STORED DATA:

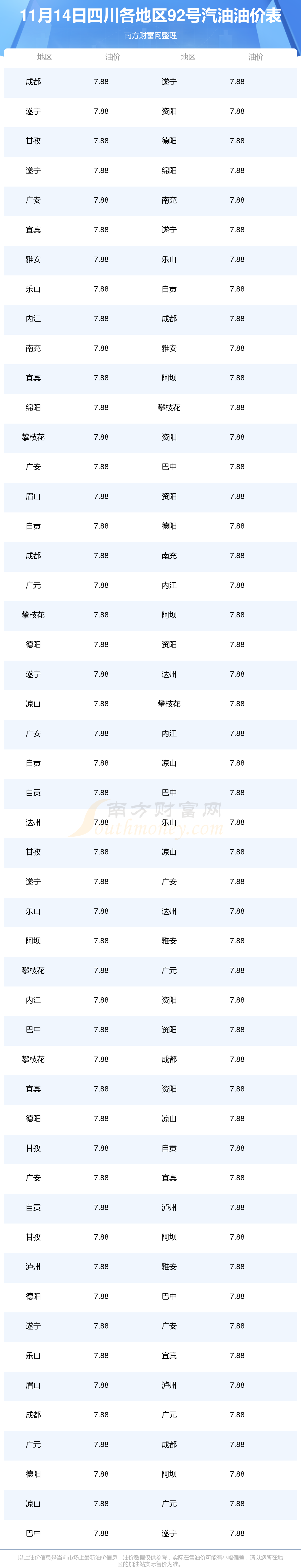四川92號汽油11月14日價格為7.04元每升,本次油價調(diào)整時間是11月11日,相對上次調(diào)整后10月28日的油價是6.94元/升,上漲了0.1元,上漲幅為1.441%。
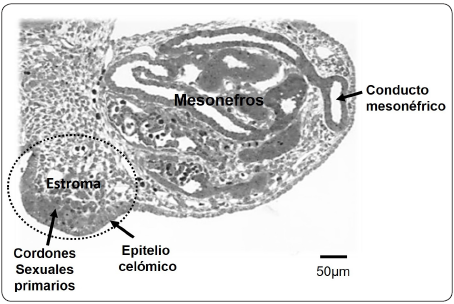 Después de la fertilización, continúan los procesos de segmentación, gastrulación y organogénesis. En el caso de los humanos, hacia la quinta semana de gestación se inicia la formación de la cresta gonadal. En embriones de mamífero, el proceso se debe a la proliferación del epitelio celómico en la región ventral del mesonefros (riñón primitivo). La pequeña cresta gonadal está formada por los cordones sexuales primarios derivados del epitelio celómico y el estroma constituido por la invasión de vasos sanguíneos y células mesenquimatosas procedentes de la región mesonéfrica adyacente (Figura 1). Al aumentar de tamaño, la segregación entre el tejido epitelial formado por los cordones sexuales y el tejido estromático es más evidente y alcanza la etapa de gónada morfológicamente indiferenciada o bipotencial, términos que se refieren a la imposibilidad de distinguir el sexo gonadal histológicamente y a que dicho primordio embrionario contiene elementos celulares con capacidad de diferenciarse en células ováricas y testiculares. Además de las células somáticas de los cordones sexuales y el tejido estromático, la cresta genital es colonizada por las células germinales primordiales provenientes del epiblasto (Figura 2A), proceso que ocurre entre la quinta y novena semana de gestación en el humano2 .
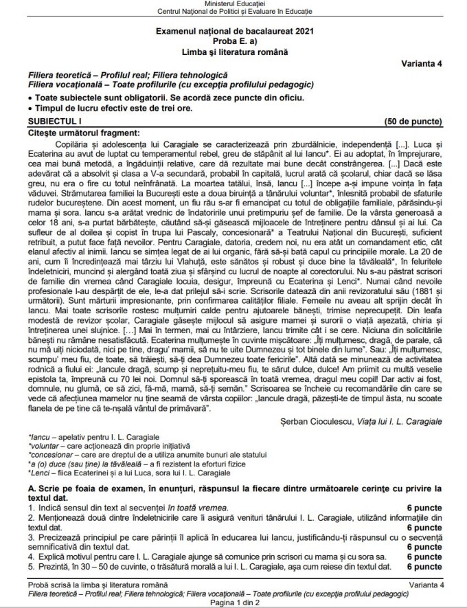 Bacalaureat: rezolvarea subiectelor la Limba și literatura română

INSTRUCTIONS TO FOLLOW: Reproduce every line above exactly as written, omitting the images.

EXERCISE ANSWER:
四川92號汽油11月14日價格為7.04元每升,本次油價調(diào)整時間是11月11日,相對上次調(diào)整后10月28日的油價是6.94元/升,上漲了0.1元,上漲幅為1.441%。
 Después de la fertilización, continúan los procesos de segmentación, gastrulación y organogénesis. En el caso de los humanos, hacia la quinta semana de gestación se inicia la formación de la cresta gonadal. En embriones de mamífero, el proceso se debe a la proliferación del epitelio celómico en la región ventral del mesonefros (riñón primitivo). La pequeña cresta gonadal está formada por los cordones sexuales primarios derivados del epitelio celómico y el estroma constituido por la invasión de vasos sanguíneos y células mesenquimatosas procedentes de la región mesonéfrica adyacente (Figura 1). Al aumentar de tamaño, la segregación entre el tejido epitelial formado por los cordones sexuales y el tejido estromático es más evidente y alcanza la etapa de gónada morfológicamente indiferenciada o bipotencial, términos que se refieren a la imposibilidad de distinguir el sexo gonadal histológicamente y a que dicho primordio embrionario contiene elementos celulares con capacidad de diferenciarse en células ováricas y testiculares. Además de las células somáticas de los cordones sexuales y el tejido estromático, la cresta genital es colonizada por las células germinales primordiales provenientes del epiblasto (Figura 2A), proceso que ocurre entre la quinta y novena semana de gestación en el humano2 .
 Bacalaureat: rezolvarea subiectelor la Limba și literatura română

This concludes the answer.